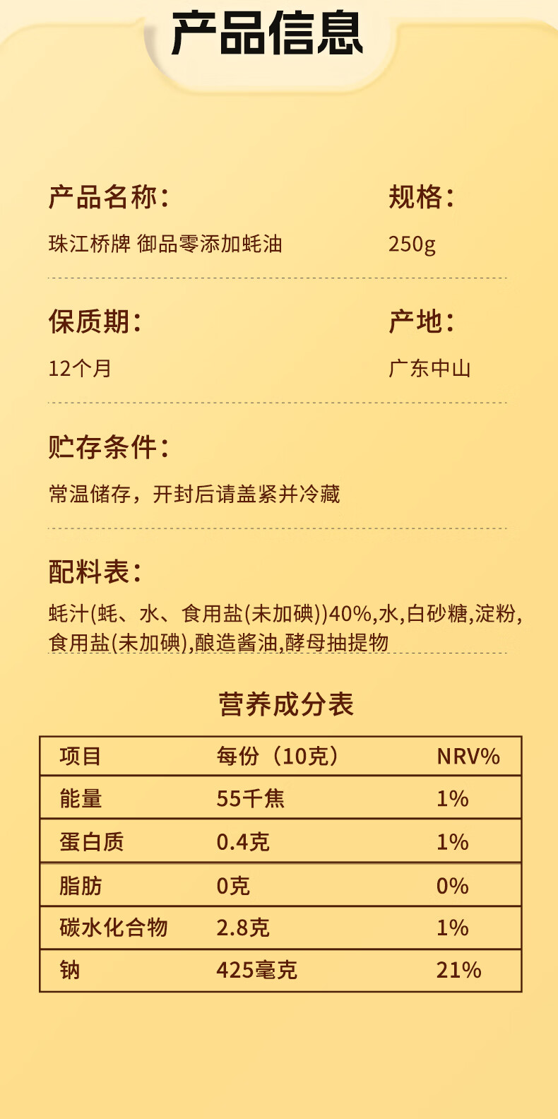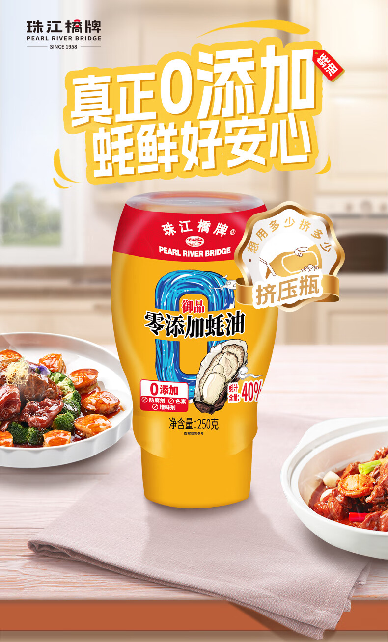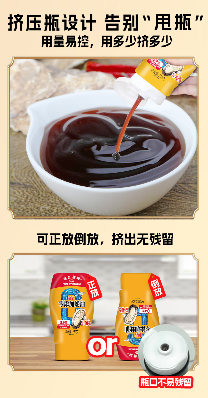 珠江桥牌零添加蚝油250g 40%蚝汁占比挤挤装蚝油0添加防腐剂 中华老字号
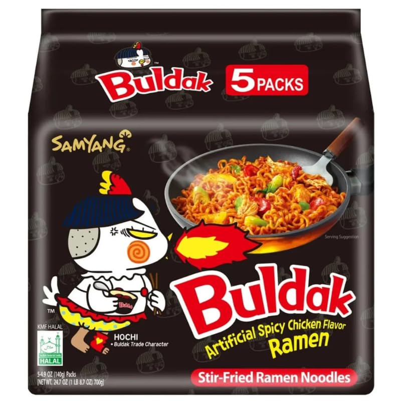 Generic - نودلز بولداك الكورية حلال بنكهة الدجاج الحار من 5 قطع بوزن 140 جم (عبوة من 5 قطع) من ساميانج
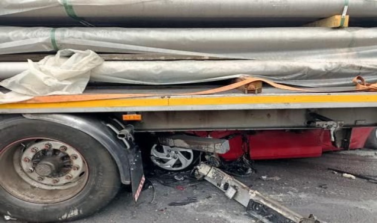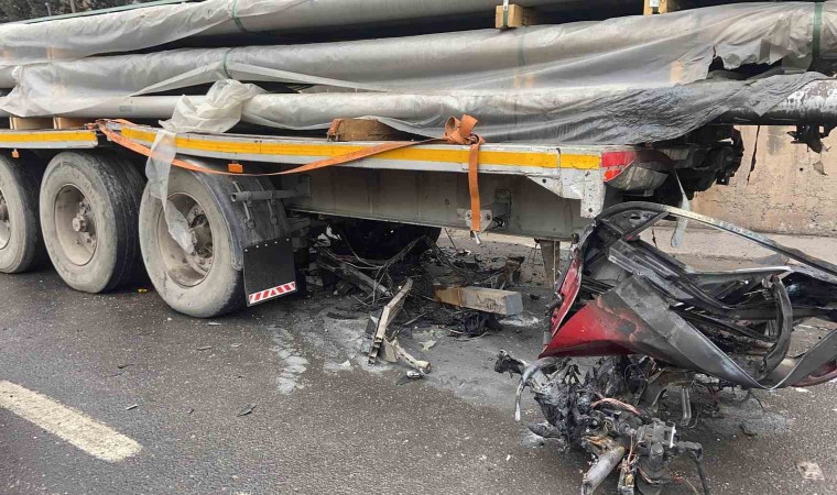 Kocaeli’nin Dilovası ilçesinde park halindeki tırın altına giren otomobilde yangın çıktı. Feci kazada sürücü hayatını kaybetti, otomobil ise hurdaya döndü.
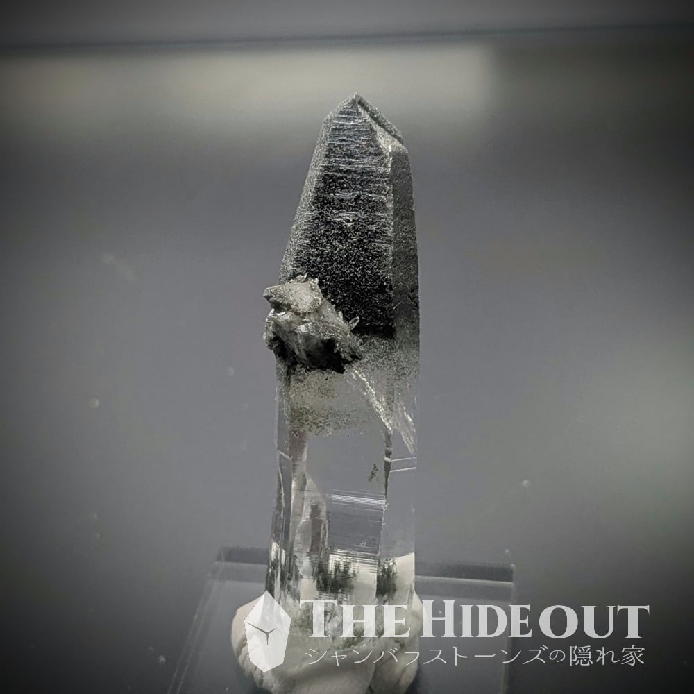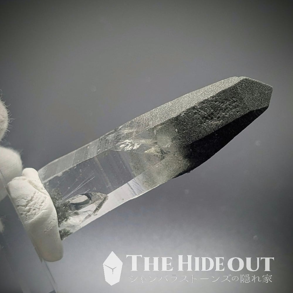 このように錐面側に見緑泥石が「溜まる」ものは長靴下を履いているように見えるので長靴下タイプと呼んでいました。降り注ぎにより上部に緑泥石が集中するのか?とも思いますが、単純に反対を向いて成長した(歯でいうところの上の歯のような状態)という可能性もありますね。 実際のところはわかりません。で、この長靴下タイプは概して透明部分の透明が強く硬質です。凛と冷たい透明です。スパイキーパサル終了の頃から随分ストックを放出してきましたが「長靴下」タイプはこれがラストワンです。※006番も同タイプですがすでにsoldoutです。希少性・面白さにしては安く設定したつもりです。
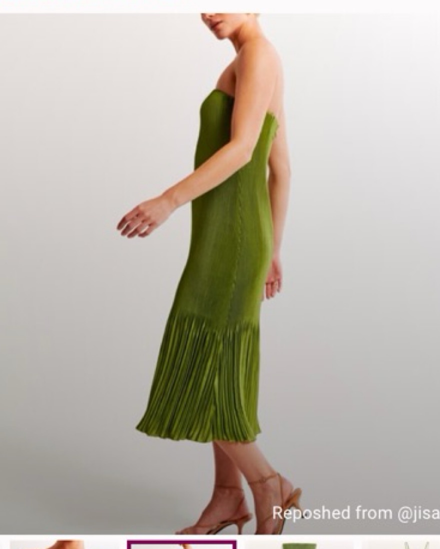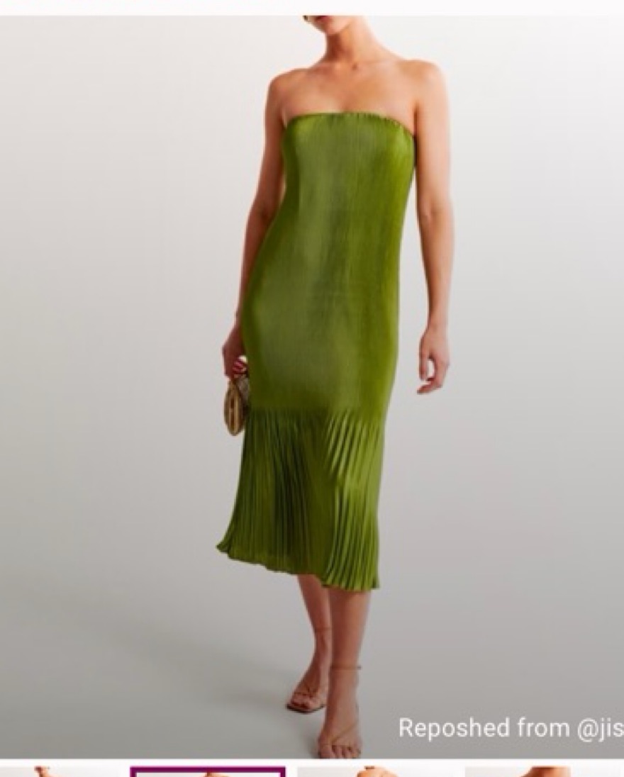 Pleated Green Midi Dress
* * *
● Task to complete:
Would you transcribe all of the entries above exactly, minus the images?

● Problem solution:
 珠江桥牌零添加蚝油250g 40%蚝汁占比挤挤装蚝油0添加防腐剂 中华老字号
 Generic - نودلز بولداك الكورية حلال بنكهة الدجاج الحار من 5 قطع بوزن 140 جم (عبوة من 5 قطع) من ساميانج
 Kocaeli’nin Dilovası ilçesinde park halindeki tırın altına giren otomobilde yangın çıktı. Feci kazada sürücü hayatını kaybetti, otomobil ise hurdaya döndü.
 このように錐面側に見緑泥石が「溜まる」ものは長靴下を履いているように見えるので長靴下タイプと呼んでいました。降り注ぎにより上部に緑泥石が集中するのか?とも思いますが、単純に反対を向いて成長した(歯でいうところの上の歯のような状態)という可能性もありますね。 実際のところはわかりません。で、この長靴下タイプは概して透明部分の透明が強く硬質です。凛と冷たい透明です。スパイキーパサル終了の頃から随分ストックを放出してきましたが「長靴下」タイプはこれがラストワンです。※006番も同タイプですがすでにsoldoutです。希少性・面白さにしては安く設定したつもりです。
 Pleated Green Midi Dress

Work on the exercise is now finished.